I think there were four distinct impacts or forces that pressured the marketplace one way or the other over those six-and-a-half hours. Actually, there were more than that, but four that stood out to me.

First, we were shocked, or at least I was, by the 89% deterioration in second-quarter earnings at Target (TGT) , as I wrote about on Wednesday. The poor quality of the balance sheet was the kicker — far worse than what we’ve seen elsewhere. I thought Target was better than that. Turns out that Target trades at a far lesser multiple than either Walmart (WMT) or Costco (COST) for a very good reason.
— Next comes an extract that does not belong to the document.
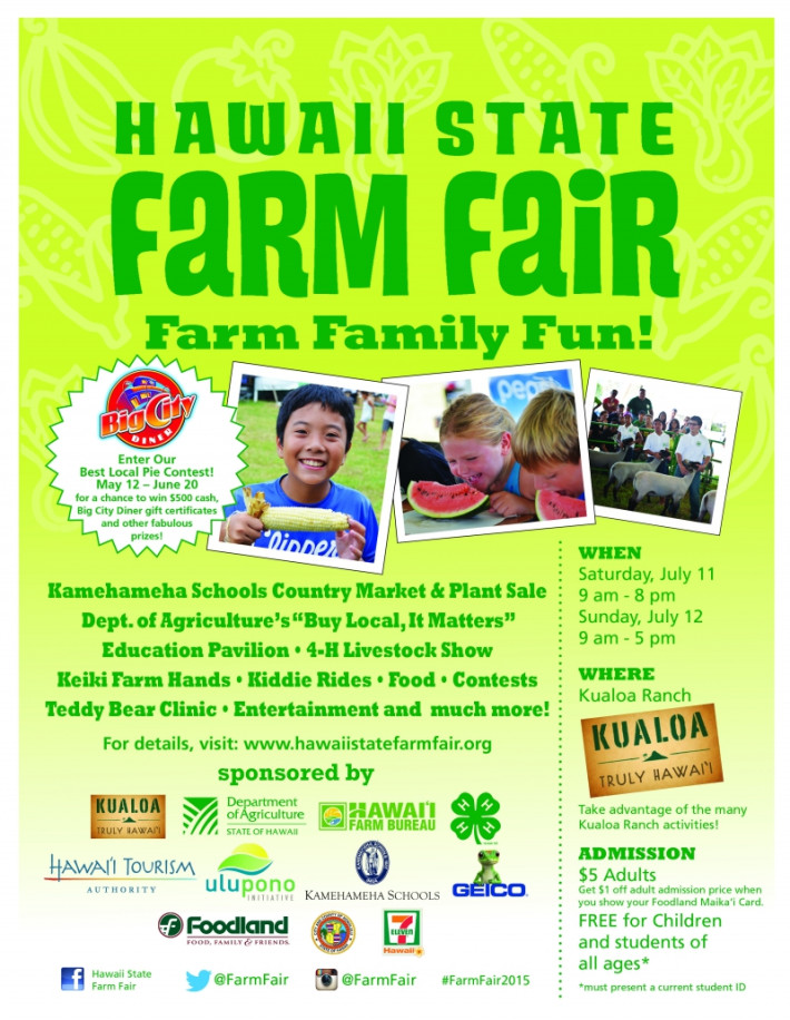 The fair will also feature ‘ono food, entertainment, keiki activities, food-eating contests, and a “Buy Local” education pavilion.

Then the Census Bureau hit us with its July data for Retail Sales, which is not adjusted for inflation. The headline print (0.0% month over month) disappointed, but growth at the core (ex-autos) and the core-core (ex-autos and gas) looked much better.

After that, there were the Fed minutes, which really should not surprise nor should be seen as newsworthy given that everything mentioned within is three weeks old. Still, the bulls found the minutes dovish enough to rally immediately off of their release, while the bears found the minutes hawkish enough to take advantage of that rally and sell equity.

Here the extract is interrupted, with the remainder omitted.